Elles réclamaient initialement un "droit à l'IVG" mais elles acceptent le compromis comme "le seul chemin possible vers un vote", selon la Fondation des Femmes.

L'avis du Conseil d'Etat les a "rassurées" car "il donne aux termes +liberté+ et +droit+ la même valeur constitutionnelle", précise Albane Gaillot, chargée de plaidoyer au Planning familial. Le mot "garanti" est une demande des féministes "pour donner plus de poids", ajoute-t-elle.

"Plus qu'un symbole, c'est une garantie contre un retour en arrière", souligne-t-elle, jugeant que l'IVG devient un "droit fondamental". 

"Une femme qui aura des difficultés dans son département à obtenir une IVG pourra même se prévaloir de l'inscription de l'IVG dans la Constitution pour saisir le tribunal administratif", conclut-elle.

Que disent les opposants?

Pour Alliance Vita, au contraire, "inscrire l’avortement dans la Constitution menace gravement d’autres libertés". L'association anti-IVG craint que cela pourrait ouvrir la voie "à terme" à une "suppression par le législateur de la clause de conscience des soignants sur l’IVG, ou encore des délais limitant l'avortement".

Une assurance pour l'avenir?

La formulation retenue "signifie qu'aucune loi ne pourra dire explicitement que la femme n'a pas la liberté de recourir à l'IVG", selon Laureline Fontaine, professeure de droit constitutionnel à la Sorbonne Nouvelle Paris 3.
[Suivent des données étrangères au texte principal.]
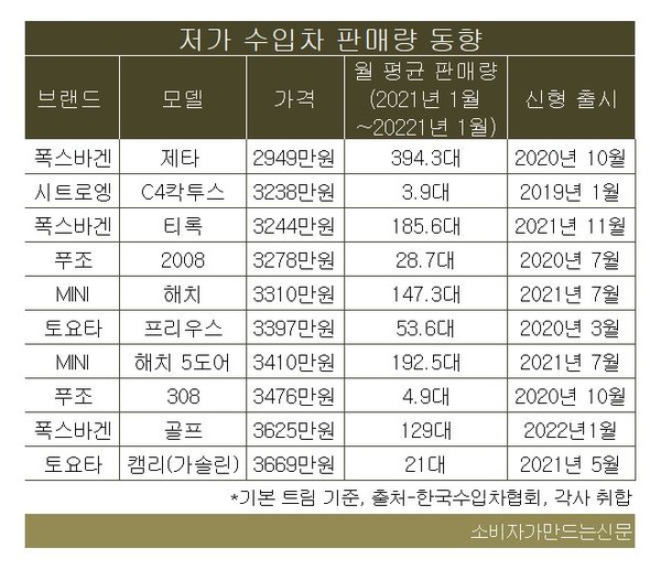 이어 시트로엥 'C4칵투스(3238만 원)'-폭스바겐 '티록(3244만 원)'-푸조 '2008(3278만 원)'-MINI ‘해치 쿠퍼(3310만 원)’-토요타 ‘프리우스(3378만 원)’-MINI ‘해치 쿠퍼 5-도어(3410만 원)’-푸조 ‘308(3476만 원)’-폭스바겐 ‘골프(3625만 원)’-토요타 ‘캠리(3669만 원)’ 순으로 저렴하게 판매 중이다.

Mais "le texte ne dit rien sur les conditions dans lesquelles cette liberté s'exerce. C'est à la loi de le dire", rappelle-t-elle.

Toutefois, selon les constitutionnalistes, tout dépendra de l'interprétation du Conseil constitutionnel s'il doit se prononcer sur une loi sur l'IVG.
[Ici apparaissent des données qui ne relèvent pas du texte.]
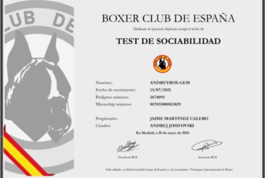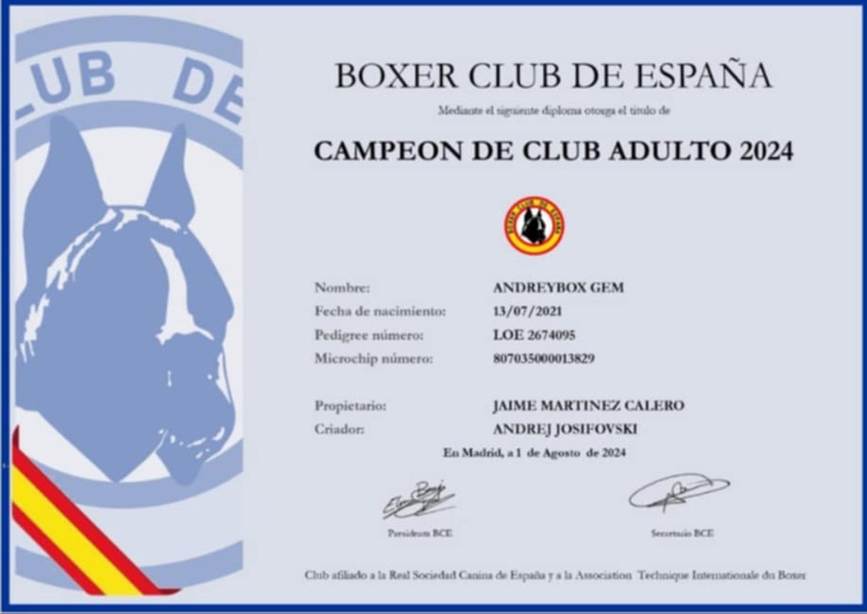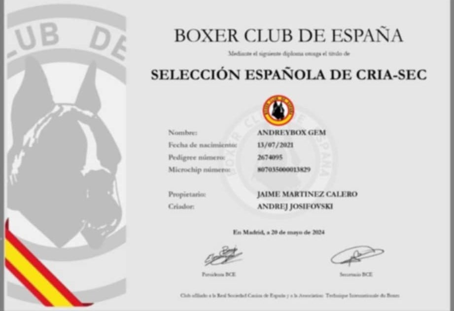 Pédigree de CH. ANDREYBOX GEM

"Cela augmente les chances que, si demain une majorité parlementaire défavorable à l'IVG tente d'en changer les conditions - délai, remboursement -, le Conseil constitutionnel se sente fondé à censurer cette loi. Mais on ne peut pas dire avec certitude qu'il le ferait", décrypte Stéphanie Hennette-Vauchez, professeure de droit public à l'université Paris Nanterre.

"Si une loi change les délais légaux pour une IVG, le Conseil constitutionnel pourrait la juger conforme. Mais il pourrait aussi dire qu'elle n'est pas conforme, en argumentant qu'à l’époque où la Constitution a été modifiée, le délai était de 14 semaines", confirme Mme Fontaine.
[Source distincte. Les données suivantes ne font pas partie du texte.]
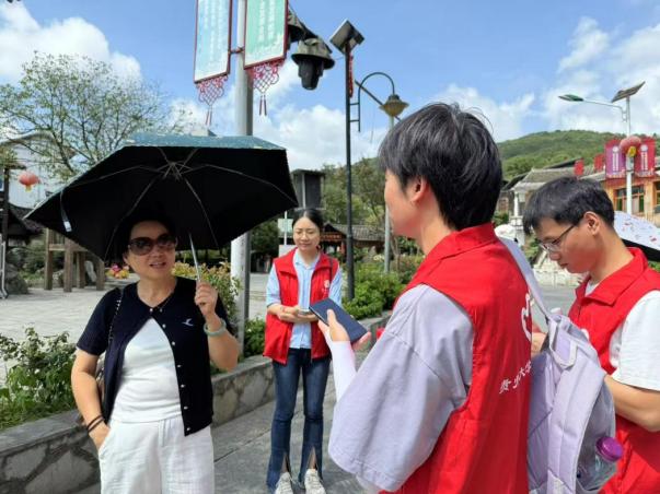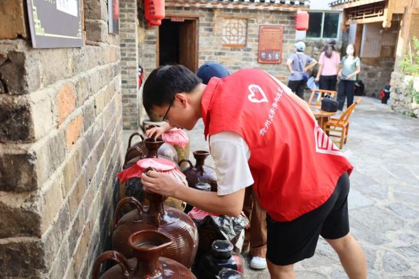 刚刚抵达龙井村,队员们便开始走访当地的村民和民宿经营者。在与他们的对话中,实践队了解到,乡村振兴政策实施以来,龙井村的生活环境发生了翻天覆地的变化。一位长期居住于此的村民感慨道:“现在年轻人不用再外出打工了,在家门口就能找到工作。”民宿经营者们也纷纷表示,村里的旅游产业正在逐步成型,茶坊、酒坊、染坊、银坊等特色工坊吸引了部分游客,但客流量依然不稳定,“宣传不够,产品走不出去”成为他们共同的困扰。

"Pour cela, il pourra regarder les débats au Parlement pour saisir quelle était l'intention du Constituant: s'il entendait par exemple maintenir les conditions dans lesquelles l'IVG est pratiquée aujourd'hui", poursuit-elle. Le "constituant" étant en l'occurrence les parlementaires qui seront réunis en Congrès, début mars si est respecté le calendrier espéré par Emmanuel Macron.